Chronic Pain Sufferers Suffer Even More Now

The DEA recently changed Hydrocodone to a Schedule III drug, making it even more difficult for chronic pain sufferers to obtain the pain medication they NEED to survive in the United States. When we take pain meds – even every day – we are not drug abusers. Why? Because the pain meds actually TREAT the pain and allow us to function. It’s the abusers that messed it up for us. If you take pain meds and you’re not in pain, yes, you will feel “high.” But not so for us.

Now we must go to our doctor to pick up our prescription – and only WE can go (no-one else). Then, most likely, we have to take a drug test in order to pick up the script. At the drug store, we have to show our identification to pick up the medicine. Our information is entered into a drug database. In short, we are treated like drug abusers and/or criminals. And these drug tests? You have to take them even if you haven’t shown ANY SIGN of drug abuse. That’s just not right.

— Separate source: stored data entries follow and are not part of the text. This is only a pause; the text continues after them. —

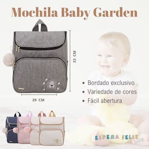 - Amplo espaço interno - Bolso frontal com zíper - Dois bolsos laterais - Bordado personalizado - Alças reguláveis - Chaveiro de pompom - Fácil de limpar - Produto com ótima qualidade - Fabricado no Brasil - Feitas com dedicação e cuidado para o seu bebê - Perfeitas para todas as ocasiões e fases do seu bebê.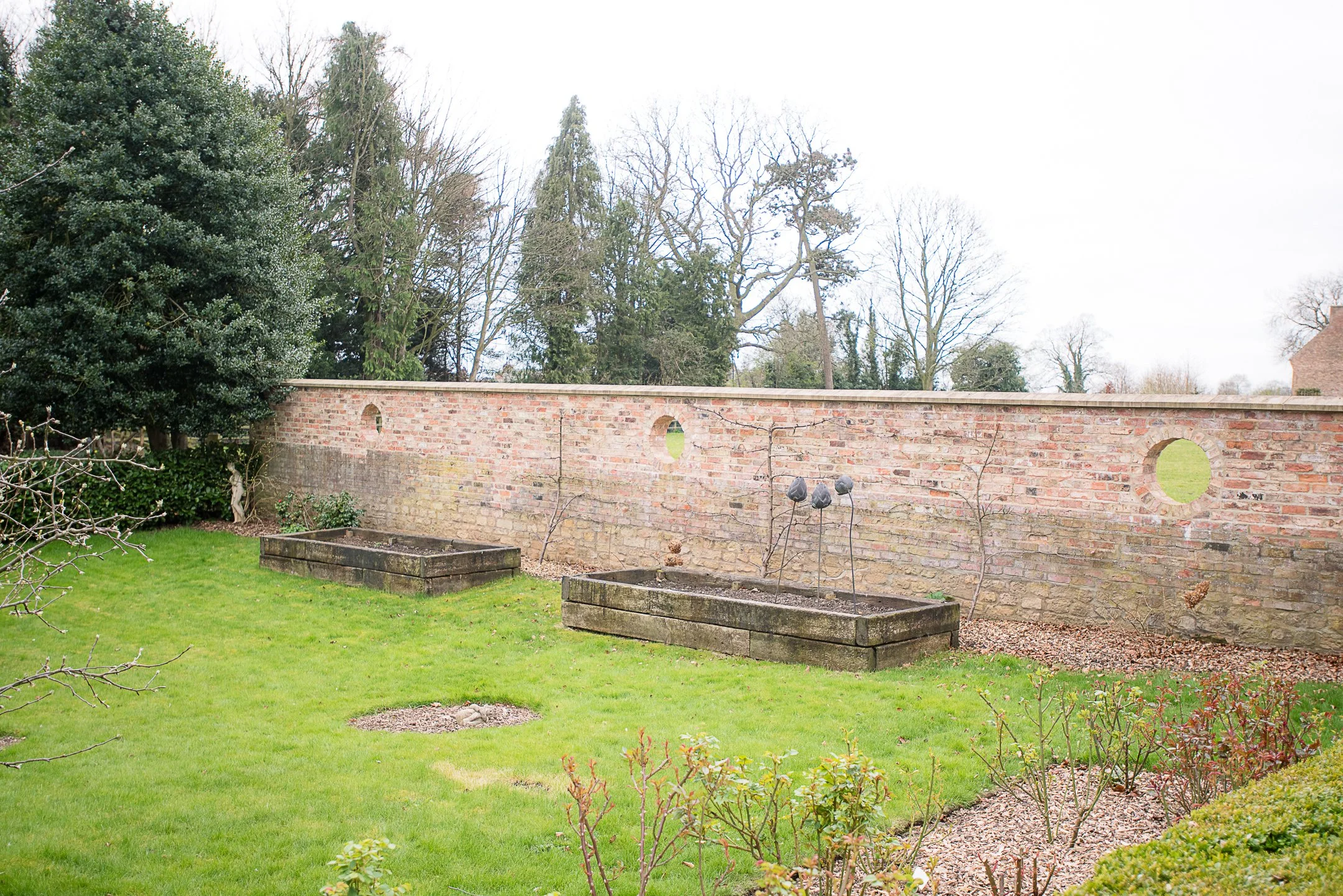 In the garden, raised beds were built and the secret walled garden wall was raised and built with the added twist of creative portholes.
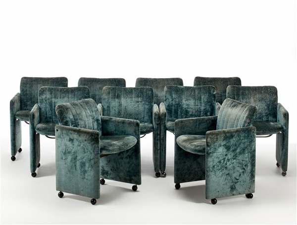 Lotto composto da dieci poltroncine su rotelle modello "Montebello". Produzione Simon Gavina, San Lazzaro di Savena, 1984/1985. Rivestimento in velluto verde. (cm 58x78x63) (lievi difetti, piccole mancanze e sostituzioni)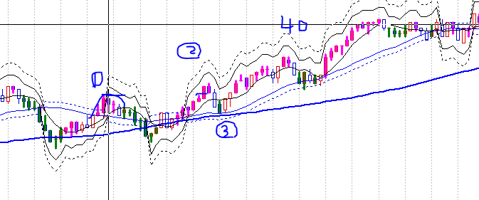 3번- 조정을 이동평균선5를 종가로 2번이상 넘고 (이동평균선 20 더하기2틱)을 안 넘음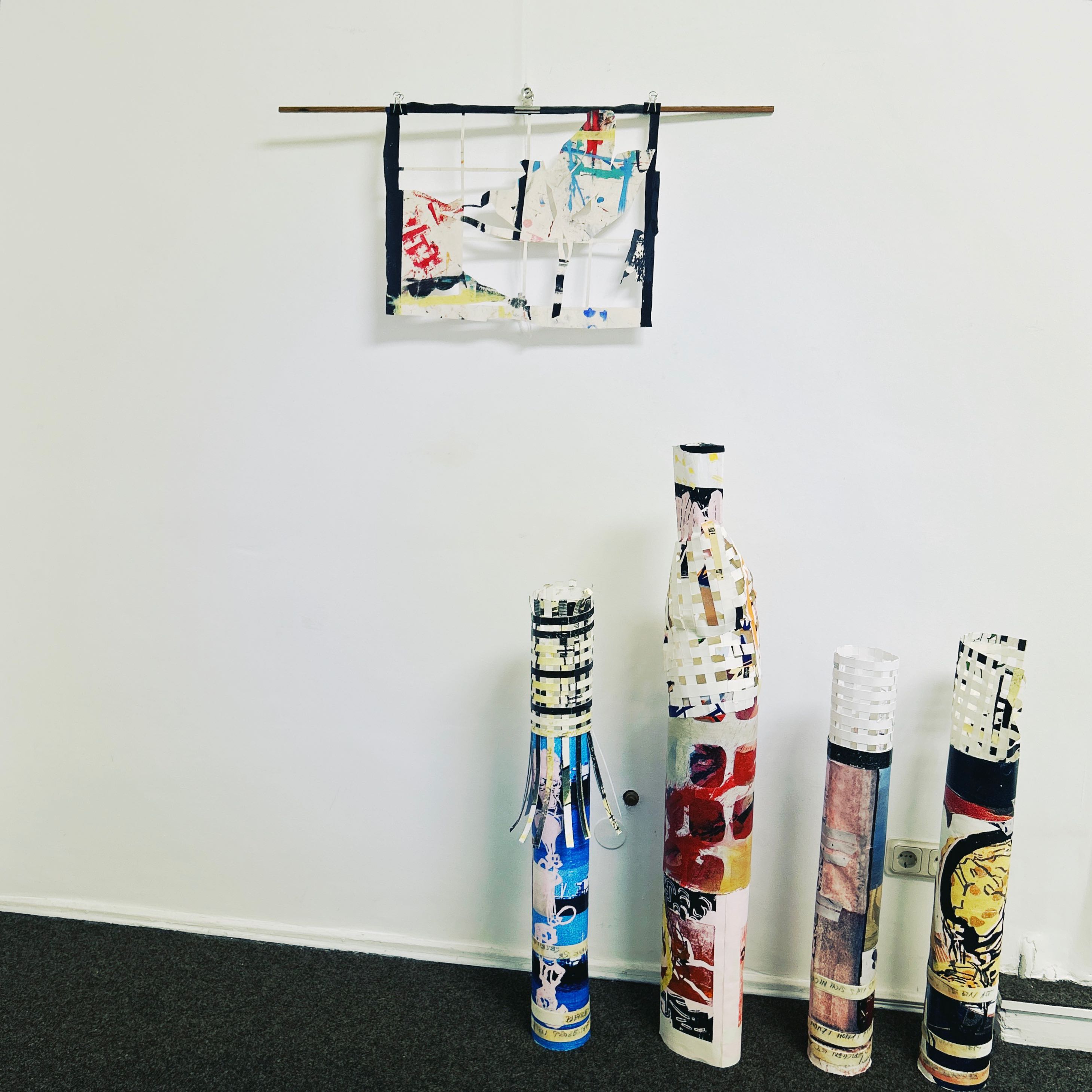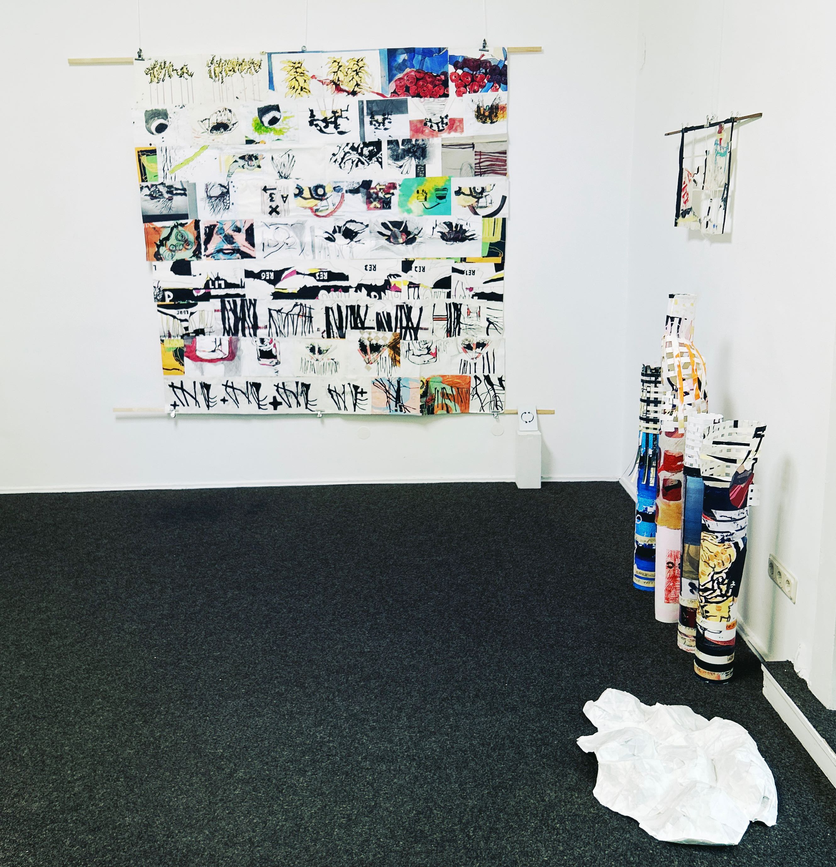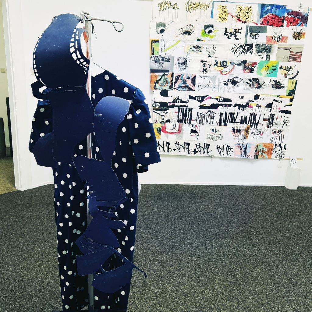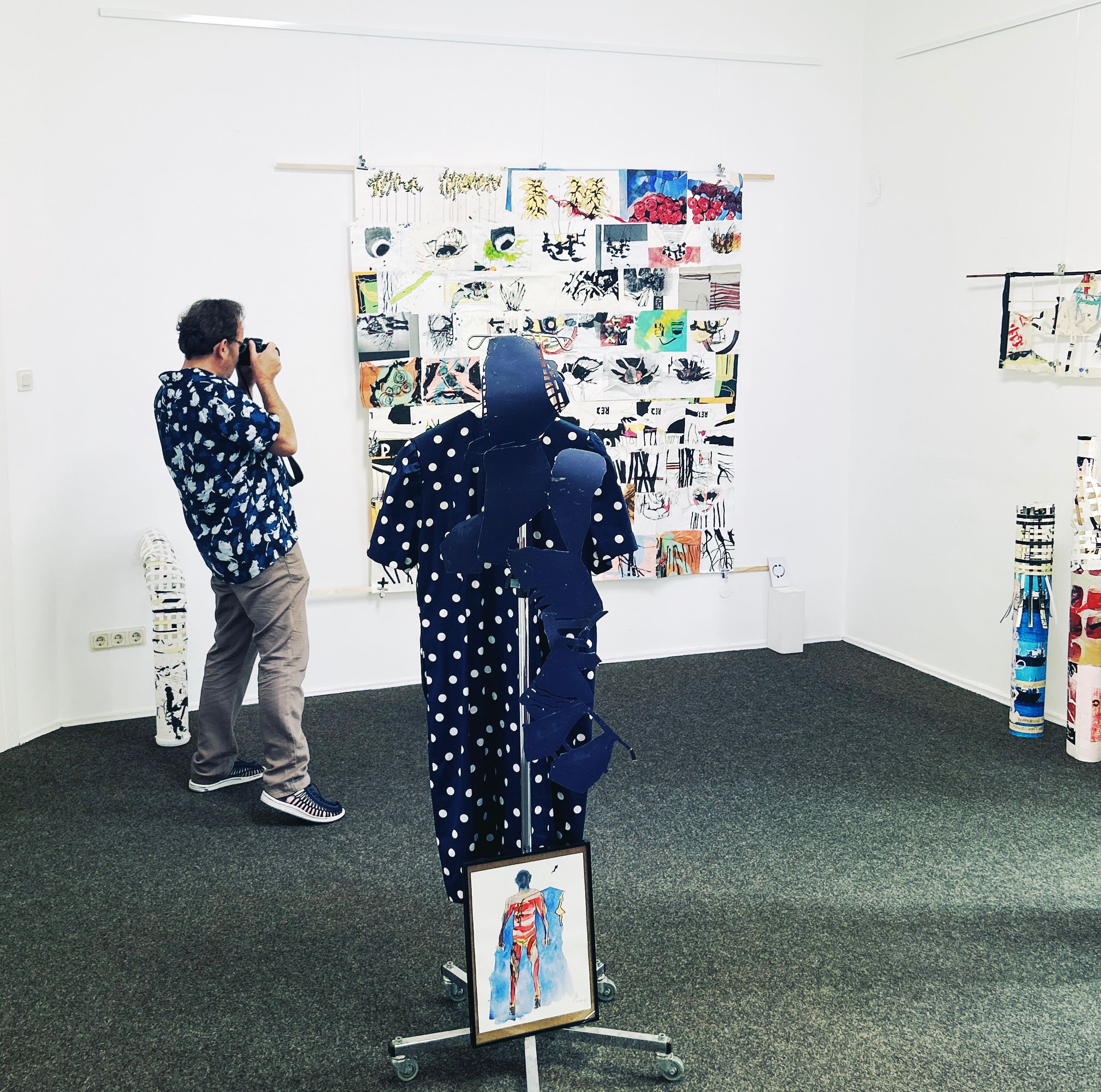 Jürgen sagt: “Ein Raum für mich ganz allein: das hat schon was“. Im Atelier hat er einiges zusammengesucht unter den Begriffen „Hoffnung / Ort /Dengel / light side mix und dann nach Mühlheim verfrachtet. Im Ausstellungsraum haben die einzelnen Exponate fast von selbst ihren Platz gefunden. Es sollte wie zufällig platziert wirken, was natürlich Quatsch ist, denn ein absichtloses Arrangieren gibt es nicht. Er habe es danach so gelassen, wie es war.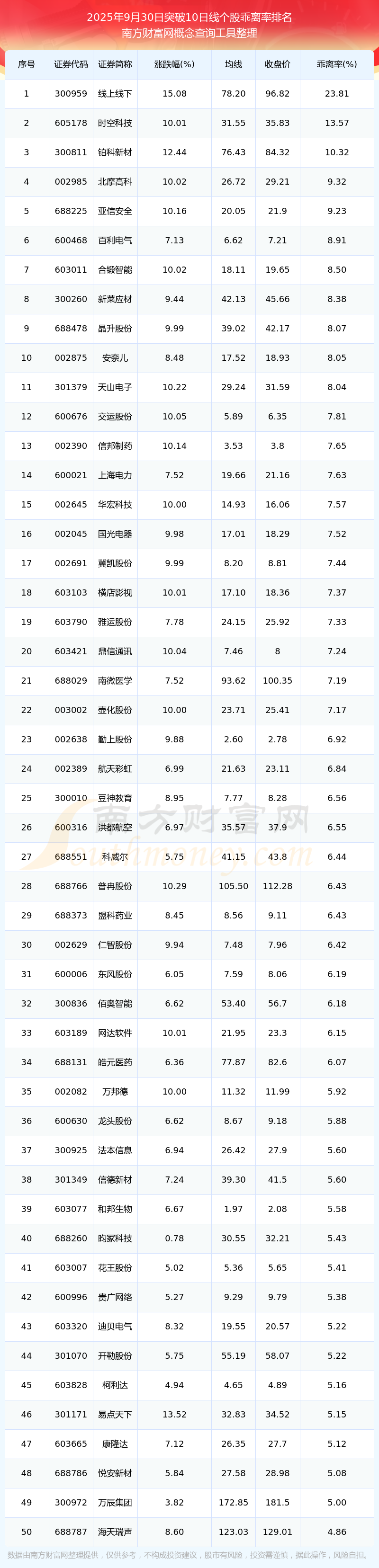 2025年9月30日突破10日線個(gè)股乖離率排名

A lot of folks in pain use marijuana, which is a natural pain reliever. It aids sleep naturally, which is so very important for fibromyalgia sufferers. If we cannot sleep, our condition worsens.
So imagine the frustration we face. If we use marijuana, we have THC in our systems for days – or weeks even – and thus, have a positive result on the drug tests. So then the doctor refuses the pain medication.
Imagine if you had to pee in a cup to receive blood pressure medicine. And a positive result meant you wouldn’t get your meds. You could have a stroke and die. So you tell me – is this fair? It surely isn’t. Why are we treated any differently?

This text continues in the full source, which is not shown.